Make WordPress Core

Opened 7 years ago

Closed 7 years ago

#4409 closed defect (bug) (fixed)

KSES removes text after a non-tag less than sign

Reported by: mdawaffe Owned by: mdawaffe
Milestone: 2.3 Priority: high
Severity: critical Version: 2.2
Component: General Keywords: has-patch commit
Focuses: Cc:


Write a comment or a post with the following content while logged out or logged in as a user without the unfiltered_html cap.

This is a < less than sign.

The output will be the following.

This is a

Attachments (3)

4409.diff (1.1 KB) - added by mdawaffe 7 years ago.
4409b.diff (2.3 KB) - added by mdawaffe 7 years ago.
A filter
4409c.diff (2.3 KB) - added by mdawaffe 7 years ago.
better than b

Download all attachments as: .zip

Change History (19)

mdawaffe7 years ago


comment:1 follow-up: mdawaffe7 years ago

4409.diff: a possible solution.

  1. Tweaks a kses regex.
  2. Converts
    This is a < less than sign.
    This is a &lt; less than sign.
  3. Converts
    foo > br
    foo <br>
    (and similar for any allowed tag). This is KSES' original behavior.

This will need some serious testing to ensure it doesn't open any security holes.

comment:2 mdawaffe7 years ago

I mean

foo < br

comment:3 foolswisdom7 years ago

  • Priority changed from normal to high
  • Severity changed from normal to critical

comment:4 in reply to: ↑ 1 westi7 years ago

Replying to mdawaffe:

4409.diff: a possible solution.

  1. Tweaks a kses regex.
  2. Converts

This will need some serious testing to ensure it doesn't open any security holes.

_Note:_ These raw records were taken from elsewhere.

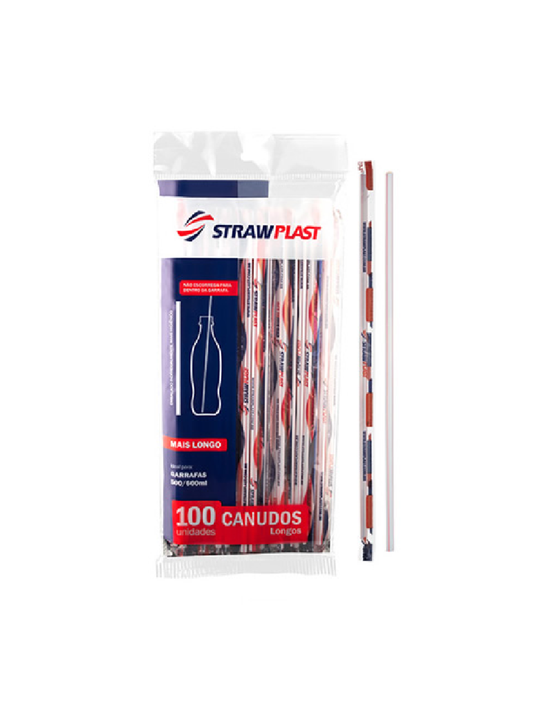 Canudo Sache Longo 5Mm 26Cm Br C/Vermelho Cs316 Strawplast - Pacote C/100 Un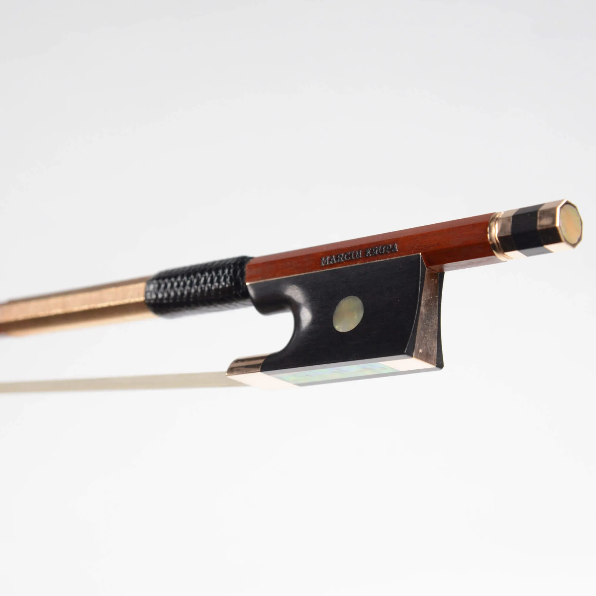 This stunning violin bow has been expertly made by award-winning Polish Atelier, Marcin Krupa. It’s handcrafted to exceed all expectations using the finest selection of pernambuco and is fully gold mounted with the highest quality ebony frog and solid eye. It offers simply superb playability, response and balance.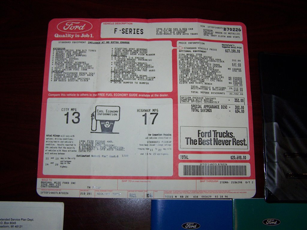 If your not viewing this vehicle on our website. Please view 110 plus photos on our website at cherokeeautogroup.com Type in search 1996 F150 in search tab! Just in is this very special survivor quality grade final OBS year 1-Owner 1996 Ford F150 XL with XLT Apperance pkg Reg Cab Short Bed 4wd that has only has 77k original miles. We do not not just throw this statment around this beauty could almost pass for half the miles! It runs excellent, looks great and is tight and smooth. This rig was just acquired from it's original family after right at 30 year of garaged fair weather pamperd use! Mr Poole purchased this beauty new on 5-15-1996 @ Marshal Mize Ford in Chattanooga Tenn. This was Mr Pooles main truck & living his best life he drove it thru his retirement and occasionally towed his small boat to fish & used it for odd jobs around his property. Most of these truck fell in wrong hands over the years because there were just cheap used vehicles for so long. There is no way you could restore one to this level and in end you have a restored truck and have way more in it than just starting with this gem. They are only orginal once and this is that kind of truck! This truck is a remarakable, non-smoker, original survivor! Its truly a fantastic F150! Power comes from a smooth Fuel Injected 5.0L 302 V8, linked to a automatic overdrive transmission, and the exterior is finished in Pacific Green Metalic & Silver Metallic lower accent Tu-Tone paint, Nice grey HD cloth upholstery. Riding on factory 15"³ Chrome wheels with match set of new 31-10-50-15 in BF Goodrich All Terrains 50 miles ago. The truck is equipped with manual locking hubs, manual transfer case floor shift 4wd, cold air conditioning, hot heat, no power windows, no power door locks, factory AM-FM-stereo, color match cab steps, nice color match ARE bed lid, no bedliner just a bed mat & bed floor looks great with light scratches, drivers side airbag, class III Reciever tow hitch, vent shades & much more! This F150 is now offered with excellent original documentation & items that include records, all owner's manuals, original window sticker, a clean history report, and a clean title & much more! The zero rust ultra clean body looks original & looks to be original paint, All weather stripping is clean, It has nice original pinstriping, grill and badging show fantastic. Other exterior features adjustable side mirrors, Factory original exhaust & more. Instrumentation consists of a crisp digital speedometer, and auxiliary gauges. Also recent service's in the past 50 miles to the tune of approx $2300 plus were performed that include a service & inspection @ Dayton Ford in Dayton Tenn that consist of synthetic blend oil & filter change, coolant flush, t-stat, new egr sensor, driveability, brake, suspention, steering inspections & brand new New tires. It runs and drives out smooth and strong & tight & ready for action! This is a original un-restored condtion F150 and shows spectacular even if it was a 5 year old much less almost 30 year old! It has very nice under carrage, very nice engine bay & original thru-out! The new owner should really love this solid investment quality F150!

Is it worth taking an alternative approach to this and adding a new filter to post/comment content before the kses filter which converts lone < and > to &gt; and &lt; so as to not deviate from the stand kses code and preserve the current level of security?

comment:5 mdawaffe7 years ago

Westi, Fine by me. KSES is already breaking the text up in a convenient way for looking for lone less than signs, is all.

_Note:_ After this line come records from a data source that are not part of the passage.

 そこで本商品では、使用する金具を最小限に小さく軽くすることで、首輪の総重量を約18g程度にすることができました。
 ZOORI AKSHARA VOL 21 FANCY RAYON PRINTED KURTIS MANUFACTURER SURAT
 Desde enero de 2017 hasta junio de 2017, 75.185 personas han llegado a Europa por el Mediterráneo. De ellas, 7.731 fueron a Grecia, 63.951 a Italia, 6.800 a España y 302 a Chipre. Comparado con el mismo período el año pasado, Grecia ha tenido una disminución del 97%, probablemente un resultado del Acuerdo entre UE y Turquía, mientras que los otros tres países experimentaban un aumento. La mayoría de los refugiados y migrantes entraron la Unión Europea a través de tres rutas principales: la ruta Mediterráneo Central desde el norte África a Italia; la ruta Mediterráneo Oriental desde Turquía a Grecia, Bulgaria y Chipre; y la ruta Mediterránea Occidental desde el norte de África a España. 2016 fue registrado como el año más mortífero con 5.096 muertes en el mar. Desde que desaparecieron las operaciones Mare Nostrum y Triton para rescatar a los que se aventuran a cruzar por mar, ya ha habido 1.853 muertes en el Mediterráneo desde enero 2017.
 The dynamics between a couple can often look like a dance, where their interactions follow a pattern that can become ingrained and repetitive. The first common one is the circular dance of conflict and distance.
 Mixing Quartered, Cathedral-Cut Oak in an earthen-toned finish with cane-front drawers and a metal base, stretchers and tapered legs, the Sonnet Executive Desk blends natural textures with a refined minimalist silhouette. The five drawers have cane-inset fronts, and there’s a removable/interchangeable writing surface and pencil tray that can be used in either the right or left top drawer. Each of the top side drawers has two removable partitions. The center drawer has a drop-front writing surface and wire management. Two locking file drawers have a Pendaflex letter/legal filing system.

comment:6 markjaquith7 years ago

If you can do it outside of KSES without too much fuss or processing overhead, then we should go that route.

Note for posterity: HTML Purifier doesn't handle this any better than KSES, even though it does offer XHTML well-formedness and validity plus XSS filtering all in one package.

comment:7 AmbushCommander7 years ago

Hi, this is the lead developer for HTML Purifier. The upcoming, newest version of HTML Purifier does in fact handle this case gracefully by changing the unescaped < into a literal. For your case, however, with one simple regex:

$html = preg_replace('/<([A-Za-z0-9])/', '&lt;$1', $html);

No mucking around kses necessary. This, however, will turn < br> into &lt; br&gt;

comment:8 follow-up: AmbushCommander7 years ago

Oops, I didn't wrap the code properly. It's really:

$html = preg_replace('/<([^A-Za-z0-9])/', '&lt;$1', $html);

mdawaffe7 years ago

A filter

comment:9 in reply to: ↑ 8 mdawaffe7 years ago

Replying to AmbushCommander:

$html = preg_replace('/<([^A-Za-z0-9])/', '&lt;$1', $html);

I don't think that regex is robust enough. "bob<sue" or "<3" would still get caught. Kids say the darndest things.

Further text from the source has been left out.